**What you should do**. Using the listing below, please print exactly the lines from the one with "Ten kolorowy, plastikowy" through the one with "UPF 50+ Breathability: 141". Leave out every picture.

**Excerpted data**.
BEGIN

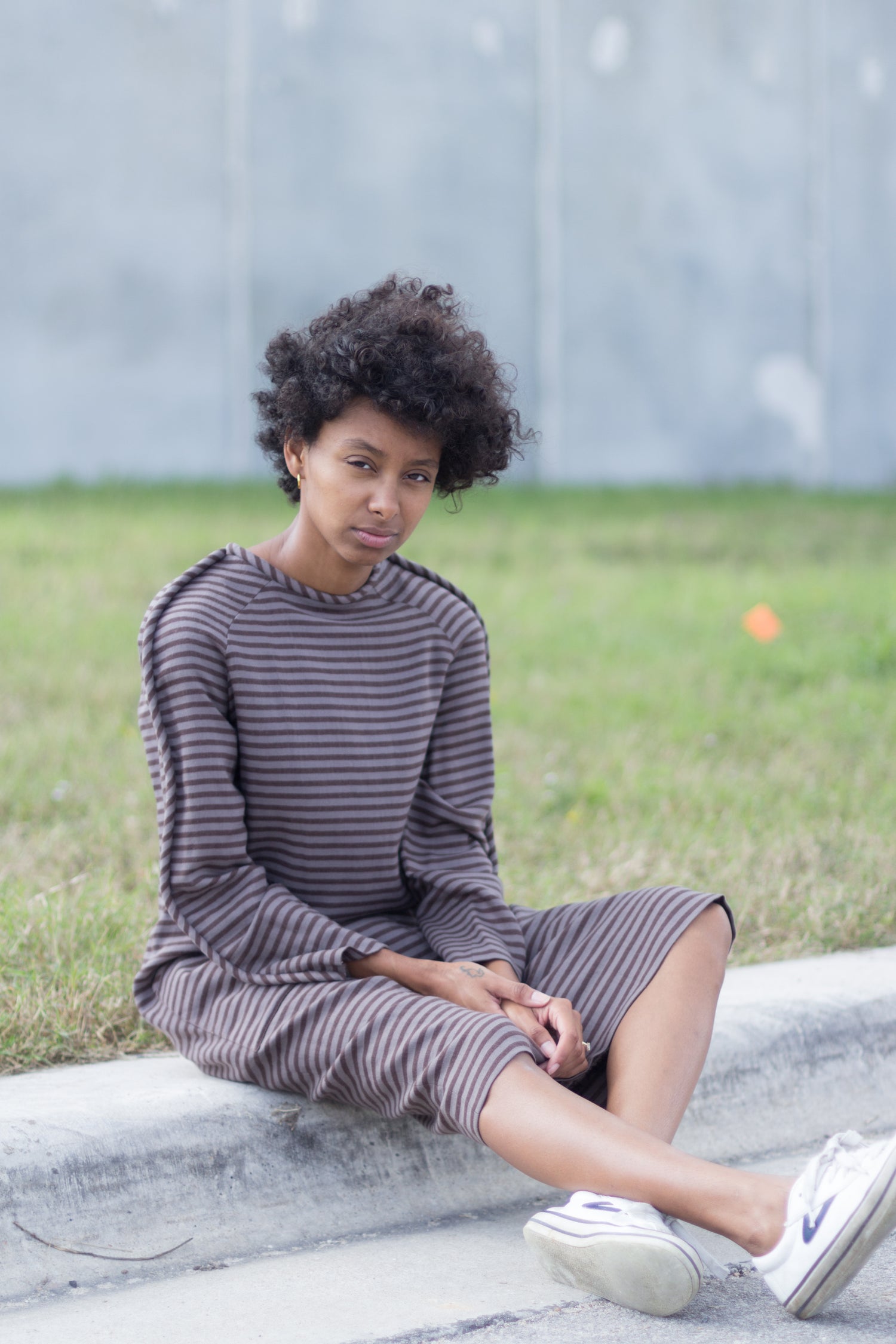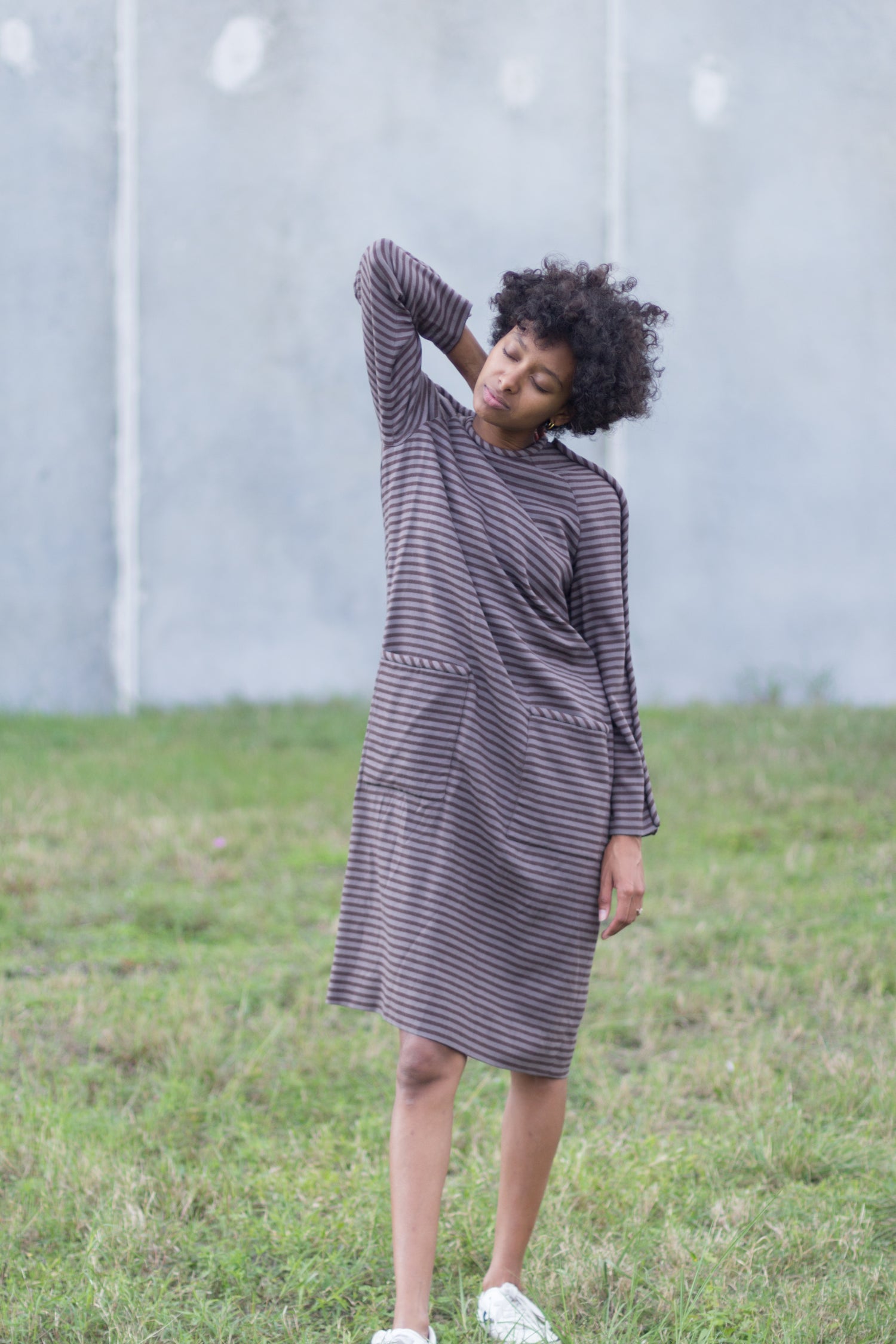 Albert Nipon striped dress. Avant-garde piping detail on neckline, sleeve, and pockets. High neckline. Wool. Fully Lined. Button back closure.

END
BEGIN

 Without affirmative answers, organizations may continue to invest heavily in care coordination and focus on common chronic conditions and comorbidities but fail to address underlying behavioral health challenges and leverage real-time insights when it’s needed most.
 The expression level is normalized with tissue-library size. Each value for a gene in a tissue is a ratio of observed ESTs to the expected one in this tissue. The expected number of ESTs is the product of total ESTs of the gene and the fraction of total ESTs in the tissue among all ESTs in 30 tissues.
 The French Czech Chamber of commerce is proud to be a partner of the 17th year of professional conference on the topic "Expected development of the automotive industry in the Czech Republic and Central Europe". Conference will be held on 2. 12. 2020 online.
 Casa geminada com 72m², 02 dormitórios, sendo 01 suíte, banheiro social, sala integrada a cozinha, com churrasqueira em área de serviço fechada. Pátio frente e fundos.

END
BEGIN

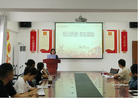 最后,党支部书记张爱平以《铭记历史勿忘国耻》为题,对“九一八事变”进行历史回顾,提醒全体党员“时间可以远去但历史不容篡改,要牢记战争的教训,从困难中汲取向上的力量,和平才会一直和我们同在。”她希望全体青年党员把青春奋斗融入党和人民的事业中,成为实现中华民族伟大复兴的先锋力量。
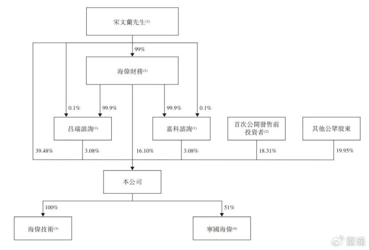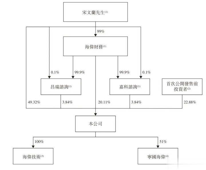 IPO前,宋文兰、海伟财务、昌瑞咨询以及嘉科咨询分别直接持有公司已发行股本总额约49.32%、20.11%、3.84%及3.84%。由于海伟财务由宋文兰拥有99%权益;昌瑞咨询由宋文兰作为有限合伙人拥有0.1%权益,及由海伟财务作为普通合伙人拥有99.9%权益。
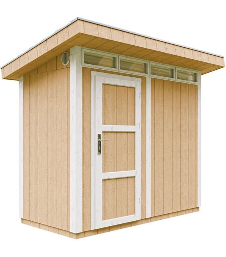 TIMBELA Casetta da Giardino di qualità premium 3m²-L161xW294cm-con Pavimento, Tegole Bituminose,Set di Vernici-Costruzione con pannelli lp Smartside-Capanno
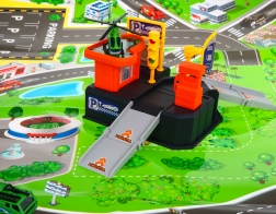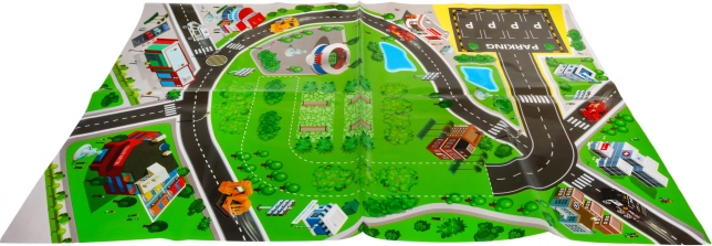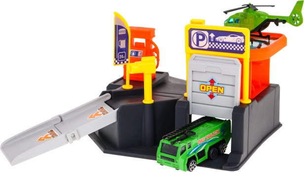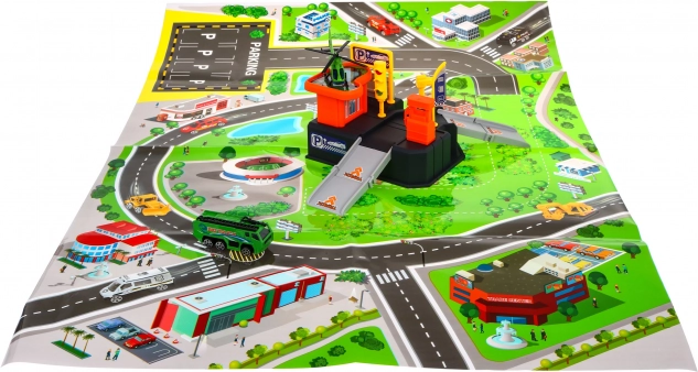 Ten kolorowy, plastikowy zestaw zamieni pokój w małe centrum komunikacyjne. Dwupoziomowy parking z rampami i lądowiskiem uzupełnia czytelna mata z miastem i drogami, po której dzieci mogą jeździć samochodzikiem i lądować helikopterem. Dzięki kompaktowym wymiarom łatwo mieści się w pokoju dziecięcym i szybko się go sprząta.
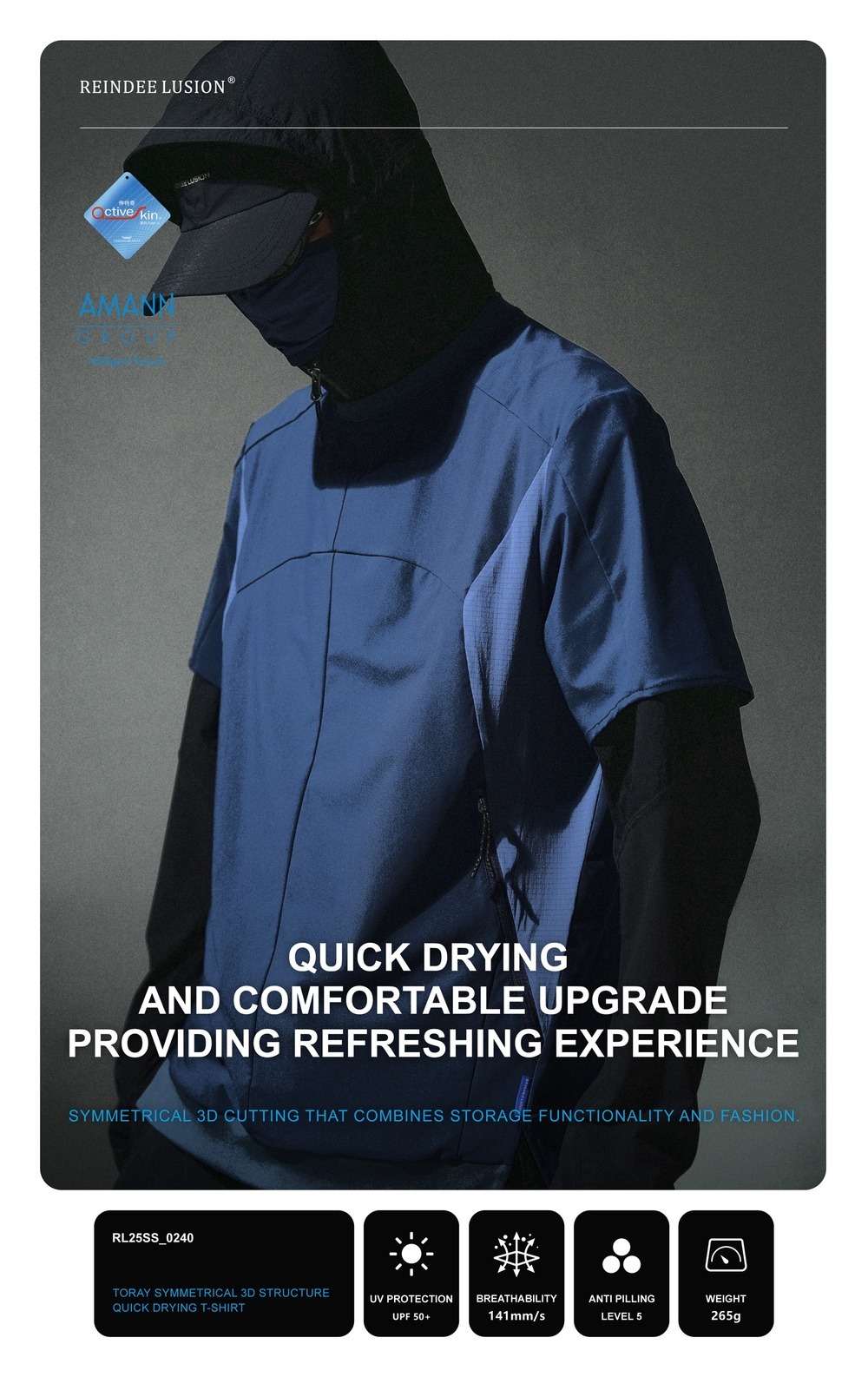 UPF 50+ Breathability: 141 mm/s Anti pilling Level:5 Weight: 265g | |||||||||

END

**Reply**.
 Ten kolorowy, plastikowy zestaw zamieni pokój w małe centrum komunikacyjne. Dwupoziomowy parking z rampami i lądowiskiem uzupełnia czytelna mata z miastem i drogami, po której dzieci mogą jeździć samochodzikiem i lądować helikopterem. Dzięki kompaktowym wymiarom łatwo mieści się w pokoju dziecięcym i szybko się go sprząta.
 UPF 50+ Breathability: 141 mm/s Anti pilling Level:5 Weight: 265g | |||||||||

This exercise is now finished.